Lord Wellington arrived in Brussels on 5th April. He took over command of a polyglot army of approximately 112,000 men made up of units from Britain, Hanover, Nassau, Brunswick, Holland and Belgium. A minority of the soldiers spoke English. The 2/73rd Regt. was ordered to join the 5th Brigade under the command of Maj. Gen. Sir Colin Halkett. They were part of the 3rd Division commanded by General Sir Charles Alten. The Prussian Army of the Lower Rhine commanded by Field Marshal von Blucher numbered slightly over 130,000 men at the start of the campaign, but 10,000 of them deserted, and after the heavy casualties suffered in the Battle of Ligny, there were less than 100,000 men available on 18th June.
Three battles between the French Armee du Nord, the Anglo-Allied Army and the Prussian Army took place in Belgium between the 15th and 18th June 1815. Napoleon’s stratagem was to attack on two fronts with the aim of defeating the Prussian Army, before engaging the Anglo-Allied Armies.
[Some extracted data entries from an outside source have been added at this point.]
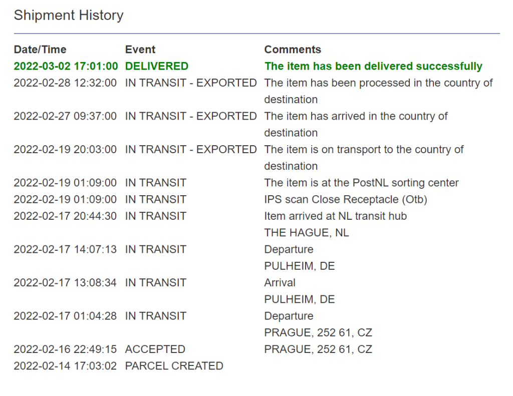 ということで、ほぼ月経カップをオーダーしたことを忘れかけていた頃にメールを整理していたタイミングでYuuki Cupの商品を注文したことを思い出し、トラッキングページを確認したのが2月9日。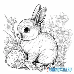 Зайчик раскрашивает яйцо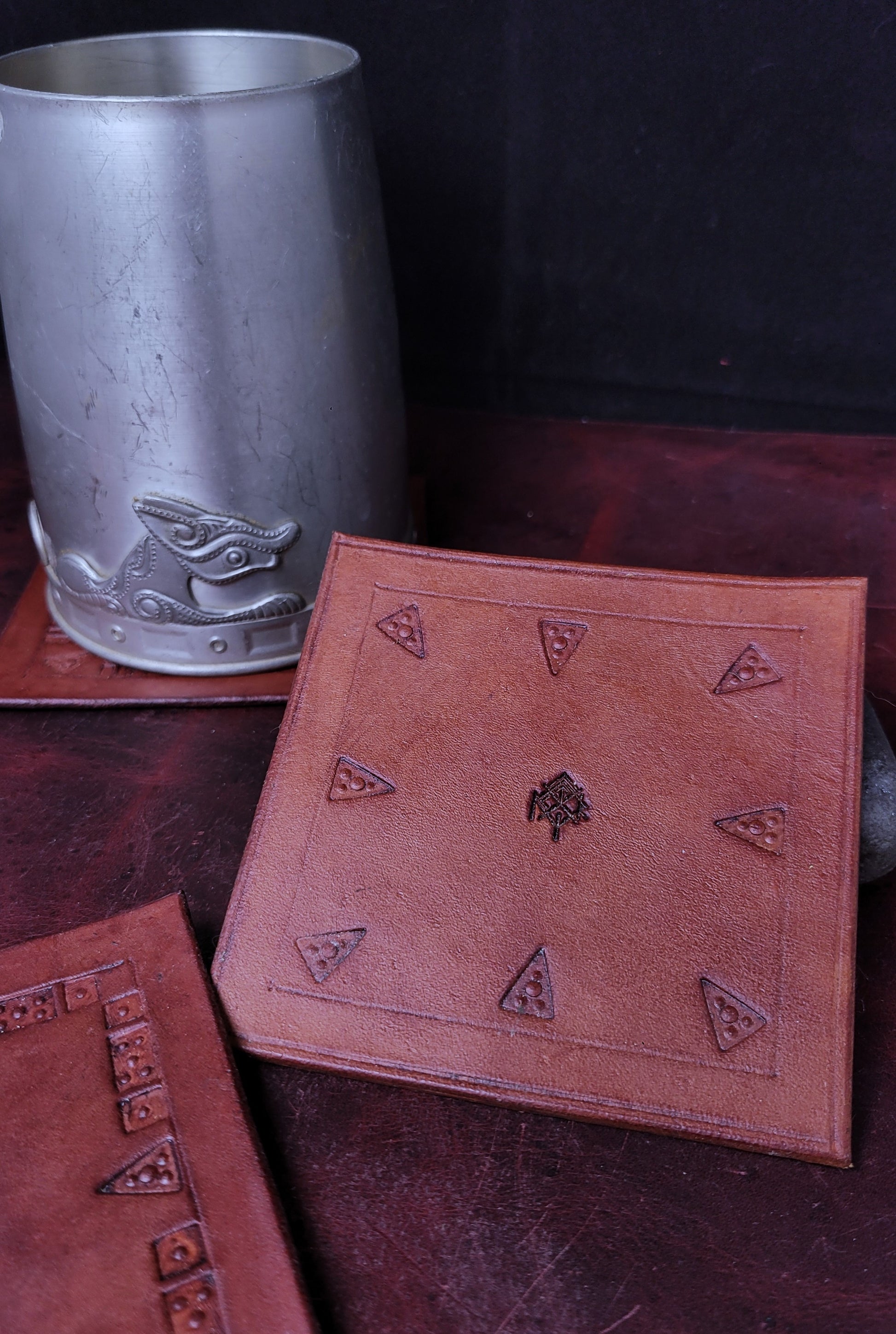 Experience the craftsmanship and artistry of our veg-tan leather coasters. Each one is hand-stamped with a unique Norse era motif, making each coaster one-of-a-kind. Embrace the natural variations and appreciate the attention to detail in these custom-made pieces.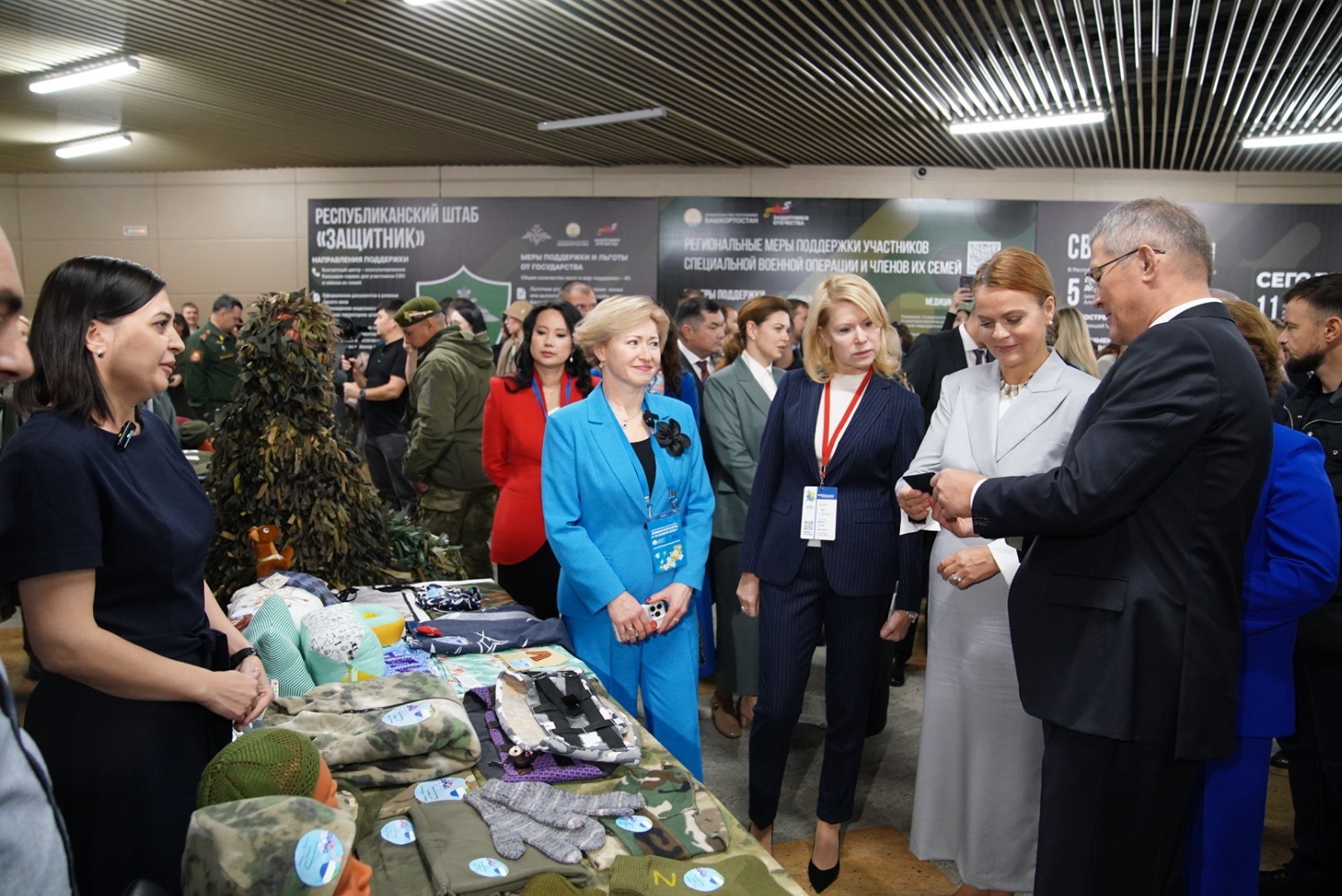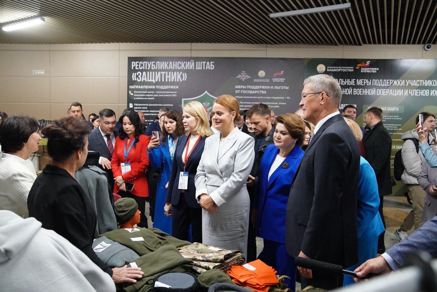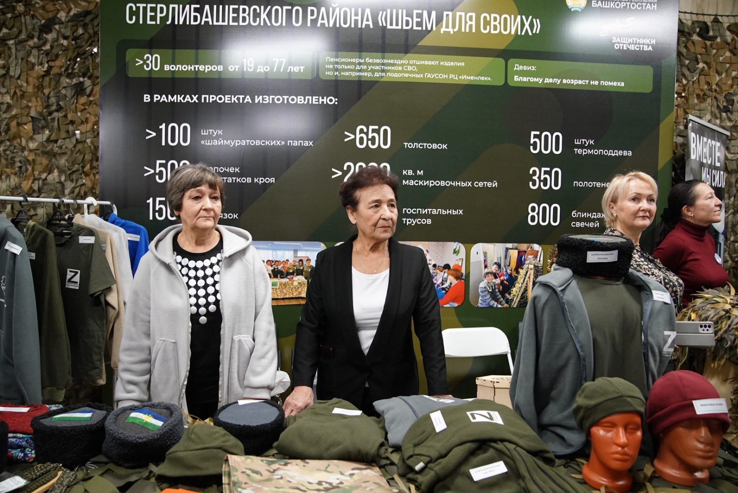 В уфимском конгресс-холле «Торатау» перед началом пленарного заседания третьего Всероссийского форума «Ломая барьеры» Глава Башкортостана Радий Хабиров, статс-секретарь — заместитель министра обороны России, председатель Государственного фонда «Защитники Отечества» Анна Цивилёва и генеральный директор Агентства стратегических инициатив Светлана Чупшева осмотрели выставку, на которой свои изделия представили волонтерские организации «Надежный тыл Башкортостана» и «Шьем и вяжем для Наших Башкортостан». Представители волонтерских движений из Стерлибашевского, Кармаскалинского и Иглинского районов рассказали гостям республики, что они продолжают отправлять посильную гуманитарную помощь нашим бойцам, находящимся в зоне СВО.

Unfortunately for him, he did not finish off the Prussians at Ligny on 16th June, and they were able to come back to the aid of the Allies at Waterloo two days later.
The French Army crossed the Belgium border and captured the village of Charleroi on 15th June. They were only 15 miles from an important road from Nivelles to Namur, which provided the vital link between Wellington’s forces and his Prussian allies. On the night of 15th while Napoleon slept at Charleroi, Wellington and many of his senior officers were attending a Grand Ball given by the Duchess of Richmond in Brussels only 30 miles away. When he was given the news that the French Army had crossed the border, the Duke is reputed to have said “Napoleon has humbugged me, by God. He has gained twenty-four hours march on me”. He set out from Brussels at 3 a.m. on 16th June and rode to the Brye windmill overlooking the battlefield of Ligny, where he meet Field Marshal Blucher at 11 a.m. Looking through his telescope, Wellington set eyes on the Emperor Napoleon for the first time. Both men were the same age, both had attended military academies in France, and they both spoke French as their second language, but they had never faced each other on the field of battle before. They were not destined to that day. Wellington rode off to organise his forces at Quatre-Bras leaving the Prussians to face Napoleon.
At 8 a.m. on Friday 16th June, Napoleon had been informed that the Prussian army was at Sombreffe on the Namur to Nivelles road. He set off to meet them, instructing Marshal Ney, commanding the left wing of his Army, to capture the crossroads at Quatre-Bras. The battles at Quatre-Bras and Ligny developed simultaneously later that day only about 7 miles apart. Napoleon routed the Prussians at Ligny, but it was a stalemate at Quatre-Bras, where the British managed to stop Ney from capturing the vital crossroad. Over 9,000 lives were lost at Quatre-Bras, roughly equally by each side, but without strategic advantage to either. 16,000 Prussians were killed or wounded at Ligny, including Marshal Blucher, who had his horses shot from under him, but survived. In his absence, General August von Gneisenau ordered the Prussian army to retire to Wavre. 10,000 Rhinelander’s deserted the colours and returned home. But the decision to send the rest of the Prussian Army to Wavre meant that they were able to come to the aid of the Allies again at Waterloo two days later. Wellington described this as the decisive moment of the century.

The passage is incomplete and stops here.